* **Instructions to follow**
Under this line are the records; write out word for word the part that begins at the line containing "座談交流環(huán)節(j" and ends at the line containing "With all the", and no more.

* **Input for this task**
********************

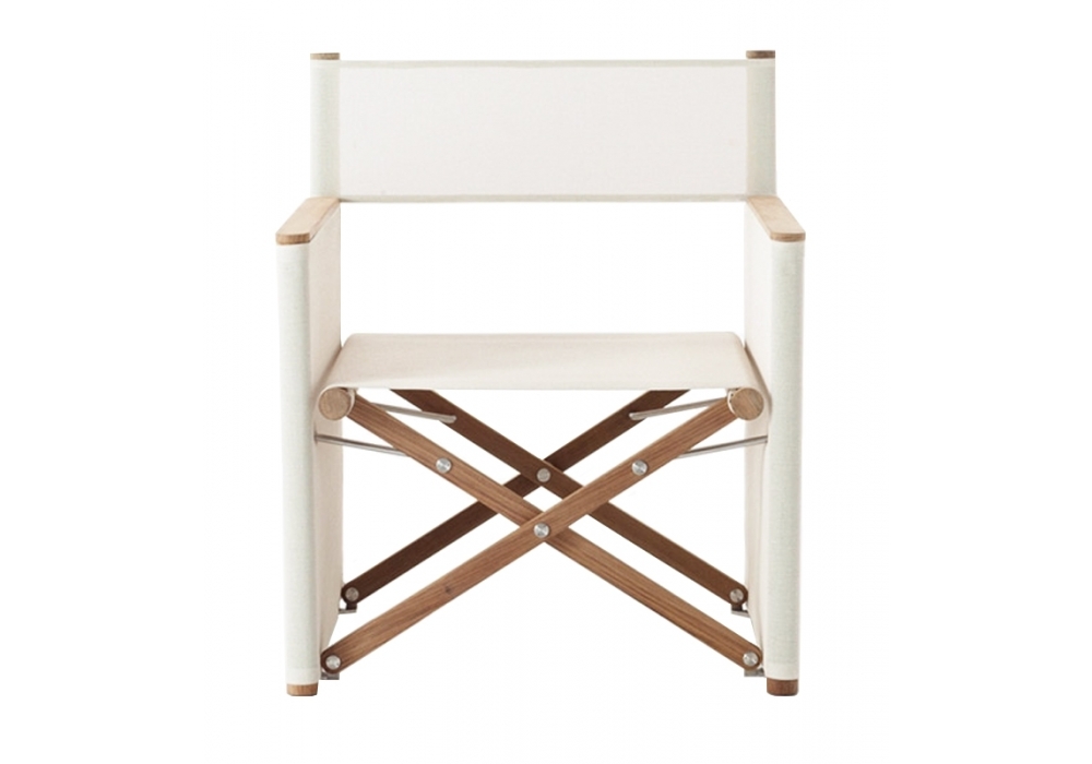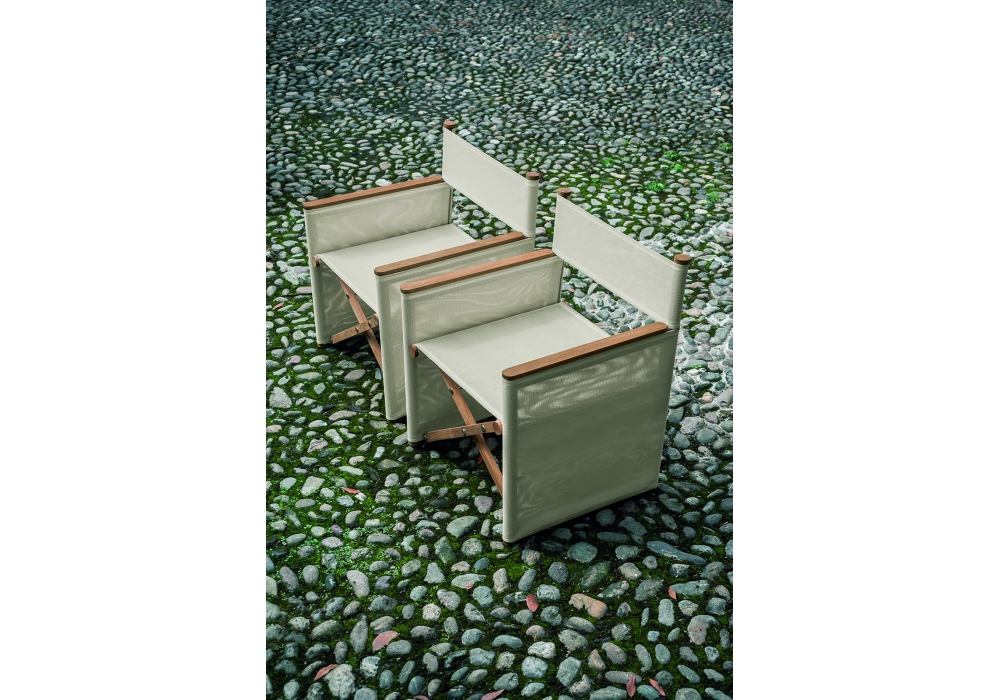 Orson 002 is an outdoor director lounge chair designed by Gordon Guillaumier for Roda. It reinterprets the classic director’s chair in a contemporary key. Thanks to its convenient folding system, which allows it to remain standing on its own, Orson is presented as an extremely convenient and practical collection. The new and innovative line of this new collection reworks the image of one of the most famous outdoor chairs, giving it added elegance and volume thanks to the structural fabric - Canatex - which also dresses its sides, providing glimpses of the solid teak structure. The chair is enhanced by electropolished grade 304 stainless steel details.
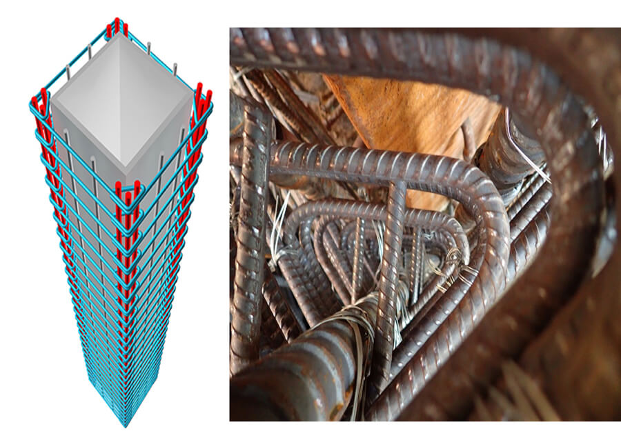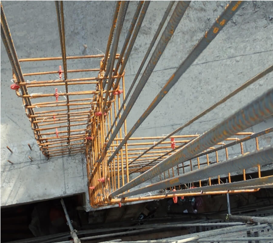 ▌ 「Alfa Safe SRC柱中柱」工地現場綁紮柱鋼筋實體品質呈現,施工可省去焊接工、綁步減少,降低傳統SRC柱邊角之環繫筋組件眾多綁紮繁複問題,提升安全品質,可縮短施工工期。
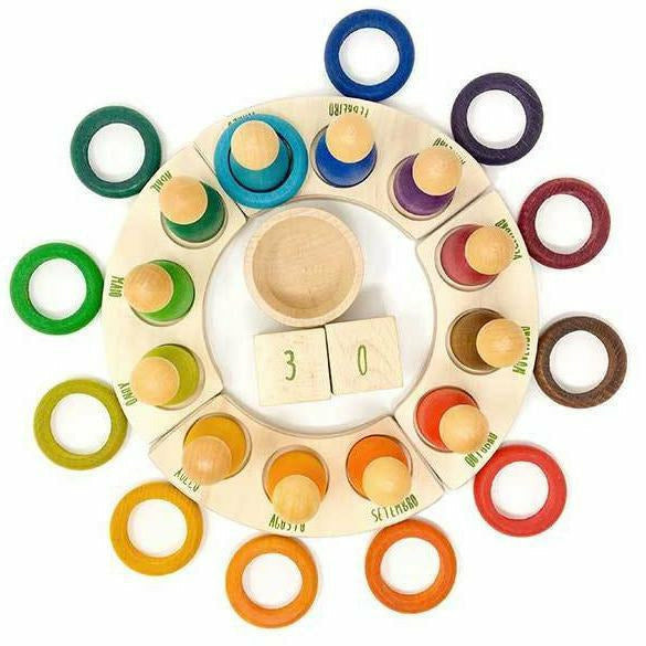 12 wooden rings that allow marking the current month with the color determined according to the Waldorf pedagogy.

********************

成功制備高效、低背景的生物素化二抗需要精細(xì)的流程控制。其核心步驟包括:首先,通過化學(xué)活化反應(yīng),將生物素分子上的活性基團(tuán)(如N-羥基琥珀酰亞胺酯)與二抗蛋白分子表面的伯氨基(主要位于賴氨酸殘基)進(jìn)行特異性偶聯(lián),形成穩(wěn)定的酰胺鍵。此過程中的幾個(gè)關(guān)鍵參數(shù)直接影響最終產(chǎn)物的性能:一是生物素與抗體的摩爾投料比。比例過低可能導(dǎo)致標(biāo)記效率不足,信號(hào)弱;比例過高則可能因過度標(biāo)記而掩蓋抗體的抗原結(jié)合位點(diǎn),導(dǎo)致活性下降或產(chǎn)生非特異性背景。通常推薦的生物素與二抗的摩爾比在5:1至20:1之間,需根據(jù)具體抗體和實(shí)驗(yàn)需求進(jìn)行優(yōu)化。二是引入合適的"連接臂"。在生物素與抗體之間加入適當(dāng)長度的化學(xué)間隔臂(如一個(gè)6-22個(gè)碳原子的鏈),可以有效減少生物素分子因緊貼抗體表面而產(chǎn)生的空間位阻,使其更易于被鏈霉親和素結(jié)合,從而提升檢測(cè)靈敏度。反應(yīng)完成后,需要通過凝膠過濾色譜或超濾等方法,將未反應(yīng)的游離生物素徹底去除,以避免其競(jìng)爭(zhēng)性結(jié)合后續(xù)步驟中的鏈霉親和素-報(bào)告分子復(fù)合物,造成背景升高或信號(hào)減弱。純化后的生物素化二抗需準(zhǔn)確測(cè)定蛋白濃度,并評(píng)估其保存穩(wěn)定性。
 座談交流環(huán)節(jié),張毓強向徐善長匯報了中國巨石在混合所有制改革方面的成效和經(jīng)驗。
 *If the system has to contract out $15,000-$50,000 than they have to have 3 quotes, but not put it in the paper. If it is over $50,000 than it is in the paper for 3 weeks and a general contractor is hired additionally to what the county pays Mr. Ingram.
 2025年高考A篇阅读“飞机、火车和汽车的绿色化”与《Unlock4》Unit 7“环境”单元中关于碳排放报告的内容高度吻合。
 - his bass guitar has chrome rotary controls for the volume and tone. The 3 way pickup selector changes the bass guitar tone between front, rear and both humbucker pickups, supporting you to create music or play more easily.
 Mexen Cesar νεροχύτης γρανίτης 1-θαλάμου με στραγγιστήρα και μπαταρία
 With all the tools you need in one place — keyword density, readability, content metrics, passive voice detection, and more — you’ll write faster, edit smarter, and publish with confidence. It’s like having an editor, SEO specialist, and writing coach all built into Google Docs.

********************

* **Solution to this task**
 座談交流環(huán)節(jié),張毓強向徐善長匯報了中國巨石在混合所有制改革方面的成效和經(jīng)驗。
 *If the system has to contract out $15,000-$50,000 than they have to have 3 quotes, but not put it in the paper. If it is over $50,000 than it is in the paper for 3 weeks and a general contractor is hired additionally to what the county pays Mr. Ingram.
 2025年高考A篇阅读“飞机、火车和汽车的绿色化”与《Unlock4》Unit 7“环境”单元中关于碳排放报告的内容高度吻合。
 - his bass guitar has chrome rotary controls for the volume and tone. The 3 way pickup selector changes the bass guitar tone between front, rear and both humbucker pickups, supporting you to create music or play more easily.
 Mexen Cesar νεροχύτης γρανίτης 1-θαλάμου με στραγγιστήρα και μπαταρία
 With all the tools you need in one place — keyword density, readability, content metrics, passive voice detection, and more — you’ll write faster, edit smarter, and publish with confidence. It’s like having an editor, SEO specialist, and writing coach all built into Google Docs.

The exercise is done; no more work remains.